29 comments on “Ma vogliamo ancora chiamarlo giornalismo?

  1. Non saprei quale sia esattamente la pietra dello scandalo. Più che la stampa, è il web: normale vedere filmati di unboxing e commenti-recensioni-post di appassionati che possono scrivere di un titolo così importante 24 ore prima. Ma ciò non significa che per questo non ci andiamo a leggere le recensioni e i pareri dei più grandi portali il giorno dop. Anzi, in 24 ore si può dare un parere veramente definitivo? Direi di no.
    Immagino che molti qui dentro dei post amatoriali su GT5 ai lancio frega poco, giusto per togliere la curiosità magari.
    Non parlo per me che non mi informo nemmeno e guardo video in-game di giochi già usciti e semmai chiedo pareri a videogiocatori figueiri su internet.
    Il punto é: per me la stampa videoludica internettiana non rimane “fregata” per questo.

  2. Per rispondere alla domanda del titolo: sì.

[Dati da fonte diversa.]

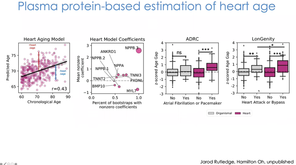 我们为每个器官都建立了时钟,这里仅展示个别例子。对于其中一部分受试者,我们建立了心脏时钟(图32),只要知道个体的实际年龄,就能够计算出其心脏年龄,这一过程中我们知道时钟包含了哪些蛋白质。有趣的是,该算法采用了两种临床常用的生物标志物:b型钠尿肽和肌钙蛋白,这是临床中存在心脏问题的老年患者需要检测的两项指标。同时我们还采用了其他几种参与心脏功能与衰老的蛋白质。在ADRC中使用生物体时钟,我们观测不到使用起搏器或存在房颤的受试者间有何差异,因此生物体蛋白质组时钟在此没有发挥作用。而当我们使用仅包含8个蛋白质的心脏特异性时钟时,使用起搏器或存在房颤的受试者在ADRC和LonGenity队列中都表现出明显差异。实际上在LonGenity中,生物体时钟是有效的,但显然单独使用心脏特异性蛋白质会有更好的预测结果。
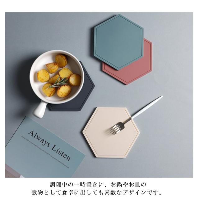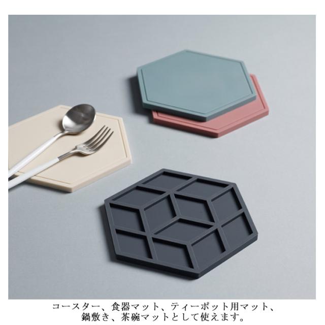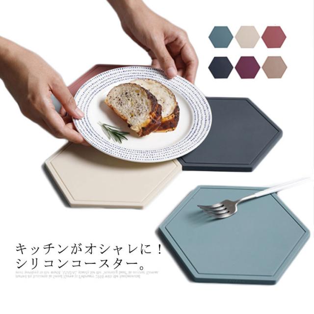 送料無料 コースター 鍋敷き シリコンマット 2枚セット コップ敷き 茶碗敷き 耐熱 滑り止め 六角形 キッチン 収納便利 乾燥 水切り 洗える 北欧デザイン おしゃれ 台所シート カップシート 耐熱皿マット 絶縁 柔軟 小物置き かわいい

O almeno, nonostante tutto ha ancora più senso di quanto ne abbia per il giornalismo non videoludico.

  3. Simone, ultimamente ti commento solo per farti le pulci, ma se in assoluto il tuo pezzo può avere anche senso, pur con qualche riserva che poi ti espongo, guarda che nello specifico sei fuori strada: su GT5 non è stato comunicato nessun embargo da Sony. 😀

    Semplicemente hanno mandato il gioco alla stampa (perlomeno alla stampa web, immagino che alle redazioni di PSM e compagnia sia arrivato ben in anticipo) praticamente in contemporanea con l’uscita nei negozi. A noi di Nextgame, per esempio, è arrivato la mattina del Day 1. E chi ci deve lavorare ci sta lavorando, prendendosi il tempo che ritiene gli serva, a costo di aspettare qualche giorno, perché ok fare le cose di fretta, ma c’è un limite a tutto. Per avere la recensione di GT5 pronta al lancio bisognava scaricare un warez con ampio anticipo (ammesso che sia fattibile su PS3, francamente non ne ho idea) oppure mettersi a fare la posta ai negozi che avrebbero rotto il Day 1.

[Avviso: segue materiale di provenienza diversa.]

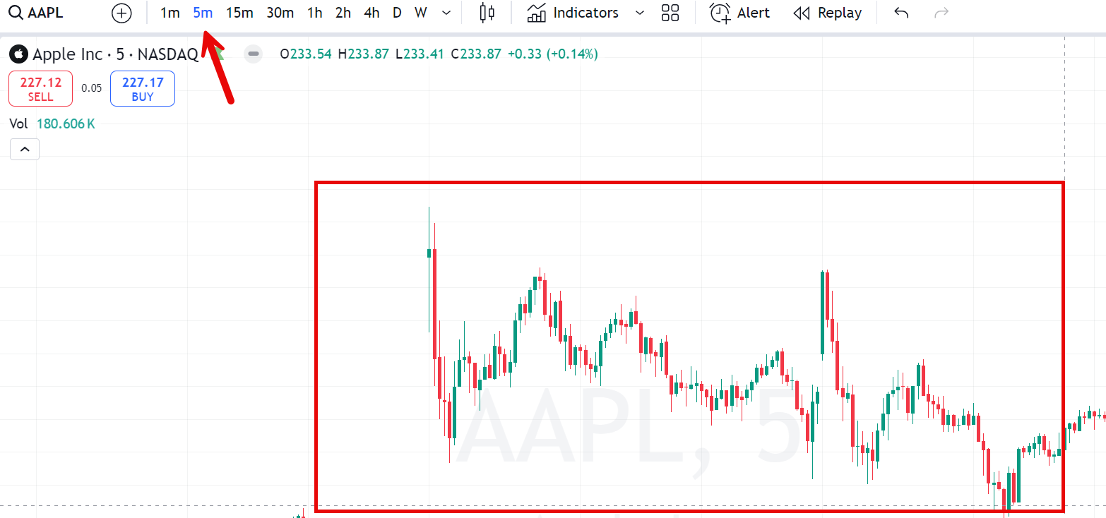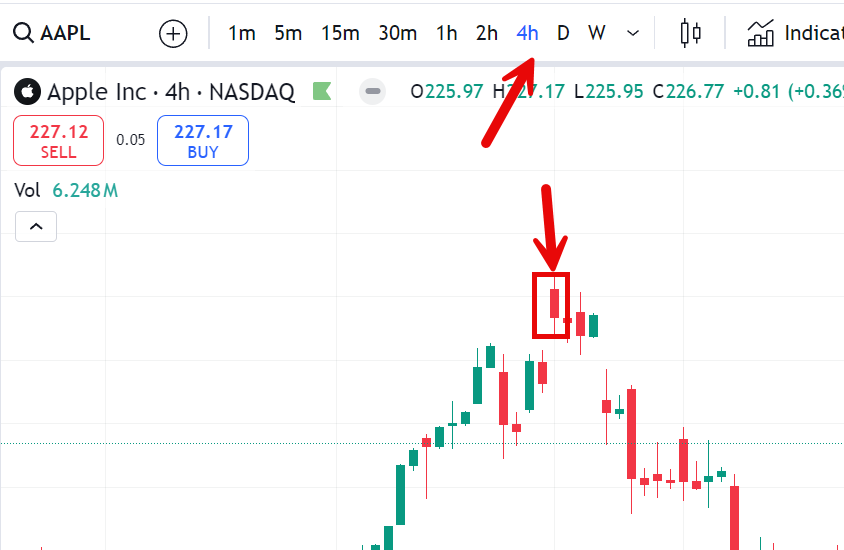 On peut analyser les chandelles sur différents axes de temps, ce qui permettra d’avoir plus de détail sur la variation du prix à l’intérieur d’une période. En changeant d’une intervalle de 4h vers une intervalle de 1h, chaque chandelle de 4H sera représentée par 4 chandelles de 1h, permettant de voir l’évolution heure par heure. En passant de 4h à 5 minutes, chaque barre de 4H sera représenté par 48 barres de 5 minutes.

    Comunque, anche in senso assoluto, devo farti un appunto: gli NDA vengono comunicati perché la Sony o EA di turno manda una copia “debug” del gioco, in anticipo, (o magari, nel caso delle anteprime, ti mostra il gioco al tal evento) e dice “io te lo mando, però, visto che è roba che ti fornisco io, se vuoi usarla per parlarne devi aspettare la tal data”. E sinceramente non ci vedo ‘sto gran scandalo: se non vuoi rispettare la tal data ti procuri il gioco in altro modo, se ne hai modo. È chiaro che su notizie procurate per altre vie non ti possono imporre nulla, ma se si parte da un accordo accettato da ambo le parti “ti do/mostro una roba ma non ne parlare prima del tal giorno” non ha alcun senso non rispettarlo, l’accordo (oddio, poi c’è chi non li rispetta comunque, ma questo è un altro discorso).

    Poi su questa situazione e sui problemi che crea si può discutere quanto vuoi, e probabilmente per molti aspetti ti darei anche ragione, ma la base rimane quella.

    Non a caso, tipicamente, se c’è un NDA su una recensione è precedente, talvolta anche di parecchio, all’uscita del gioco, non certo successivo, perché non avrebbe senso. Se il gioco è uscito su quali basi mi dovresti impedire di parlarne? Io me lo sono comprato e ho recensito il gioco comprato, il tuo codice debug non l’ho manco toccato.

    Fra l’altro è capitato un po’ di tempo fa – non ti dirò per che gioco 😀 – che ci venisse chiesto di ritardare la pubblicazione di una recensione a giorni dopo l’uscita (evidentemente temevano votacci e volevano che uscissero dopo il weekend di lancio). Anzi, se non ricordo male, altro che chiesto, ci venne proprio serenamente comunicato, con faccia di tolla, “la data di NDA è spostata a mercoledì”. 😀
    Indovina? Ce ne siamo sbattuti: nel momento in cui il gioco è uscito, non siamo più legati all’utilizzo del codice review.

    Poi uno può sempre recensire un gioco basandosi sul warez. Io non lo faccio per mille motivi, ma immagino ci sia chi lo fa. D’altra parte, se un gioco “grosso” come [altro episodio di attualità che lascio sul vago per dare materiale ai giovani detective] ci viene fornito due giorni prima del lancio, beh, chi esce con la recensione al day 1 o è molto molto veloce, o ha lavorato col culo o stava giocando il warez una settimana prima.

    Baci.

  4. Io ho un’altra tesi, riguardo le street date. Che per l’italia vale doppio.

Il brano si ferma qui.